Scot: Ebersol refused to take over unless Lorne blessed the effort and helped restore ties to the original cast - Yes, the writers might have sucked all season but the cast also wasn't near good enough to turn chicken excrement into salad.
"I Married a Monkey:" Kazurinsky lives with monkey in soap opera - monkey gives him the cold shoulder - baby monkey doesn't comply, monkey boyfriend calls on phone, hangs up
Christian: Incredibly ballsy sketch for the second one of Kazurinsky's career - monkey is funnier than Charles Rocket.
Scot: All credit to Tim. Like, can you imagine Jimmy Fallon in this? He'd be breaking the entire sketch.
Bill Cosby (Murphy) makes children drink beer, pours it in their hands
Christian: Horrifically prescient.
Scot: Animals and kids back-to-back, like some kind of dare to show SNL still is live and unpredictable.
Rosato as Italian father on Kazurinsky's wedding day
Christian: One-man show premised entirely on Rosato's accent. So long.

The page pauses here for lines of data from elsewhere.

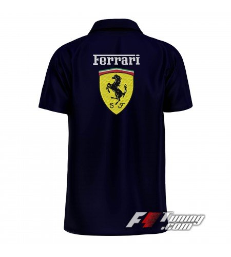Polo Ferrari Team pour homme de couleur bleu nuit. Pour tous les passionnés de Formule 1, qui souhaitent afficher leur passion avec le Polo officiel porté par l’équipe Ferrari dans le paddock.
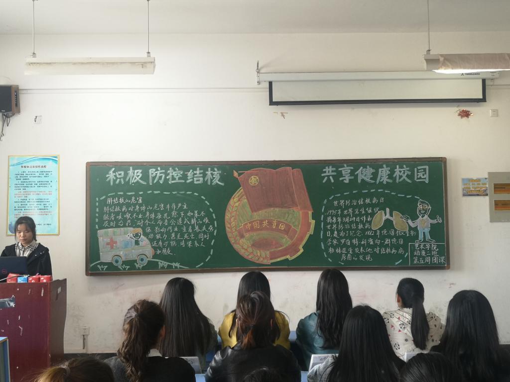 2019年3月28日下午,tyc41183太阳成集团在龙子湖校区二号教学楼,举行了以“积极防控结核,共享健康校园”为主题的团课。
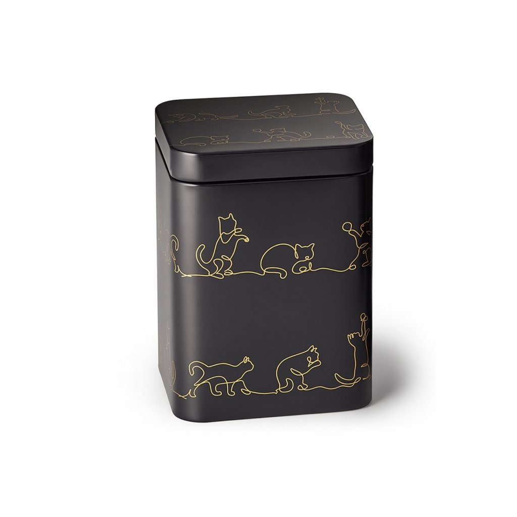 Díky kvalitnímu kovovému materiálu je dóza odolná a praktická. Pevné víčko chrání obsah před vzduchem a vlhkostí, čímž zachovává aroma a chuť čaje. Motiv zlatých koček v elegantních liniích působí decentně a zároveň hravě – perfektní doplněk pro každodenní čajové chvíle.
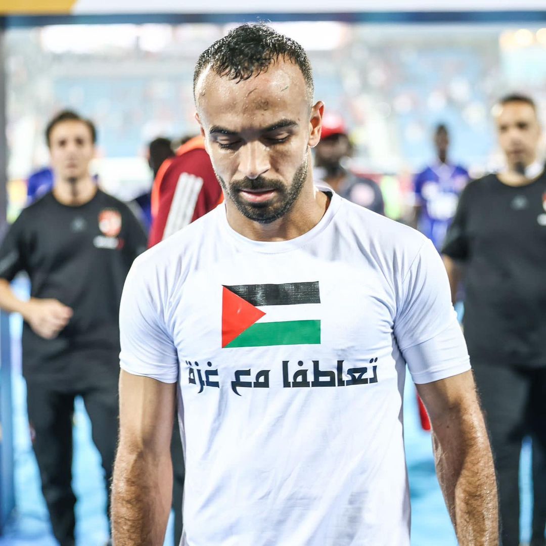 وظهر محمد مجدي أفشة بعد مباراة الأهلي وسيمبا بقميص مكتوب عليه “ تعاطفًا مع غزة”، وحرص لاعب الأهلي على نشر صورًا له بقميص دعم فلسطين.
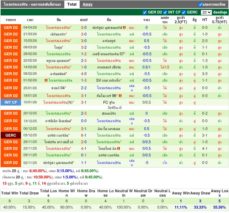 - 2026-04-04T11:00:00+00:00 | 2. Bundesliga | 1. FC Kaiserslautern vs Fortuna Düsseldorf | 3 - 0 | แพ้

Scot: Holy cow, so, so long.
Piscopo for the school of cue card reading - obvious he is reading cue cards
Christian: Dumb and funny.
Scot: Good commercial; so simple yet so much better than the rest of the season's offerings.
Al Franken shreds Jean Doumanian on Weekend Update
Christian: Sure, Franken is an asshole, but boy I needed this. "The show is going to be a little better. No English speaking person could do a worse job than Jean."
Scot: Ebersol was 100% fine with Franken's shots at him. Franken called Ebersol the "First person to steal credit for the success of SNL." Man, that's an old wound resurfaced.
Dillon Doesn't even wave at goodnights, while Gail revives her Irene Cara bit. After this show, they are both gone.



By the way, I make the mistake of starting to read that Rolling Stone ranking of all SNL cast members. Charles Rocket *not* finishing dead last is all you need to know about the quality of the list.
I'm beginning to think the greatest accomplishment of Season 6 (Eddie was going to succeed no matter what) was that Brandon Tartikoff (who would engineer the greatest turnaround in network TV history) survived the worst hiring decision of his career without so much as a scratch.